Après la mort d'Henri, Jean de Lancastre, frère puiné d'Henri V d'Angleterre, duc de Bedford assure la régence du trône de France au nom de son neveu Henri VI, un bébé de quelques mois, petit-fils maternel et héritier du roi Charles VI de France. Edward Holmes est convoqué auprès du duc afin de faire une enquête sur une tentative d'empoisonnement. Accompagné de son fidèle ami l'archer anglais et vétéran d'Azincourt Gower Watson ils doivent se rendre à Évreux sur des routes rendues dangereuses par la Guerre de Cent Ans.

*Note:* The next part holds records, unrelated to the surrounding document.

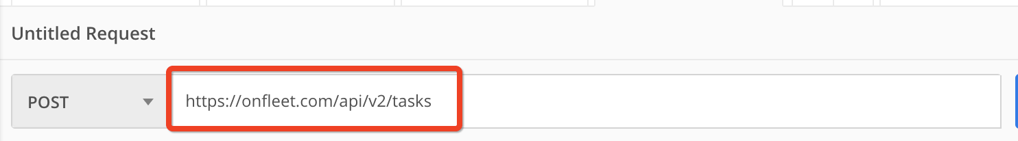 3) Once you have selected POST, you can then enter the request URL in the Request URL section. The URL we want to use here is https://onfleet.com/api/v2/tasks. This is what we call the tasks API endpoint, which is the target endpoint where we are creating the task on:
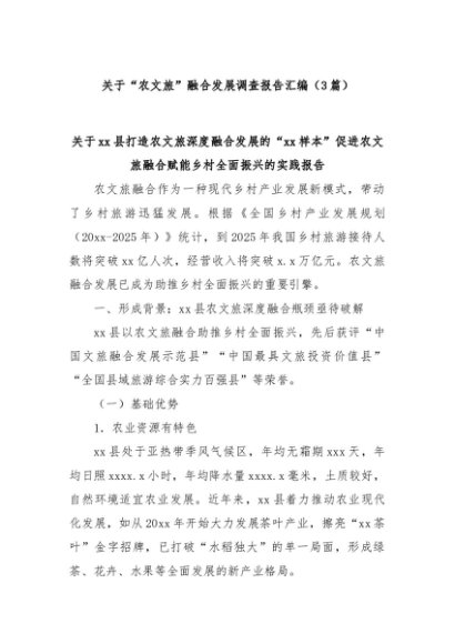 / 【七哥公文】2025年:(3篇)关于“农文旅”融合发展调查报告汇编+更多免费公文+VX:QiGeGongWen2024
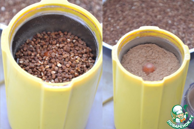 С помощью кофемолки перемолоть крупу и дважды просеять.
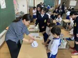 1年生の教室に6年生が来ています。
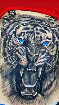 Uma nova pele! A modelo Andressa Urach usou as redes sociais para mostrar aos seus seguidores que cobriu toda sua barriga e pernas com novas tatuagens. A ex-panicat cobriu a região da barriga com o desenho de um tigre, com direito a olhos azuis.
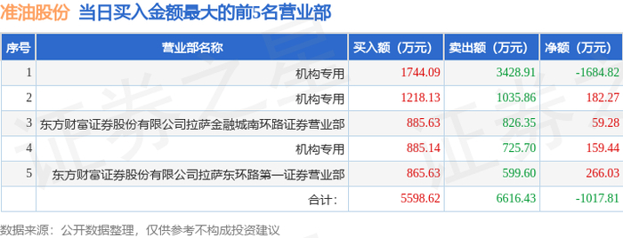 10月23日准油股份(002207)龙虎榜数据:机构净卖出1730.49万元

Edward et Gower vont devoir sillonner la France pour résoudre 3 mystères : qui est responsable de l'assassinat du duc Jean sans peur à Montereau, qui cherche à empoisonner le britannique duc de Bedford régent de France et qui est cette enfant mise en nourrice à Domrémy. On croisera aussi Gilles de Rais ( l'effroyable mais réel assassin d'enfants à l'origine du mythe de Barbe-Bleue), Lucifer, une sorcière,  des comédiens ambulants, de preux chevaliers et de gentes damoiselles.

Aussi sont-ils entourés de Chabridel, un mercenaire bourguignon à la solde d'Isabeau de Bavière, d'une apothicaire, Coline maîtrisant l'art des poisons. Entre les troupes ennemies, les écorcheurs, les dissidents, les pauvres prêts à tout pour gagner quelques sous pour survivre, le voyage devient une épopée sanglante et périlleuse. Aussi leur périple les conduira à s'allier avec l'ennemi armagnac, dont la belle-mère du Dauphin Charles, Yolande d'Aragon, et Jeanne de Barbazan, la fille d'Arnault Guilhem de Barbazan "le chevalier sans reproches" (un "Armagnac" qui se retrouve accusé du meurtre de Jean sans peur et enfermé à Château-Gaillard). Rapidement, Edward Holmes comprend que l'enquête menée est liée au complot de l'assassinat de Jean sans Peur quelques années auparavant à Montereau. Heureusement, l'arrivée à Montereau plonge nos personnages dans un final plutôt sympathique et effrayant. 

Jean d'Aillon garde sa maîtrise du récit historique d'une série qui permet de plonger dans un pan de l'histoire de France peu traitée d'une guerre civile d'une France sous autorité anglaise. Les descriptions des dangers sur les chemins, des contrastes entre les villes sous l'autorité anglaise croulant sous la pauvreté et la famine et les villes françaises riches et prospères est saisissant, de même les pillages et les demandes de rançon, les fortunes qui se font et se défont en une bataille de manière passionnante. Les personnages sont l'autre force de la série. Certains habitués seront laissés de côté au profit d'autres têtes, bien connues ou nouvellement arrivées, aucun ne seront épargnés par les difficultés. On croisera ainsi


 Gilles de Rais ( l'effroyable mais réel assassin d'enfants à l'origine du mythe de Barbe-Bleue), Lucifer, une sorcière, des comédiens ambulants, de preux chevaliers et de gentes damoiselles.

Au total, un roman historique plus complexe que d'habitude et toujours d'une grande qualité, comme toute la série.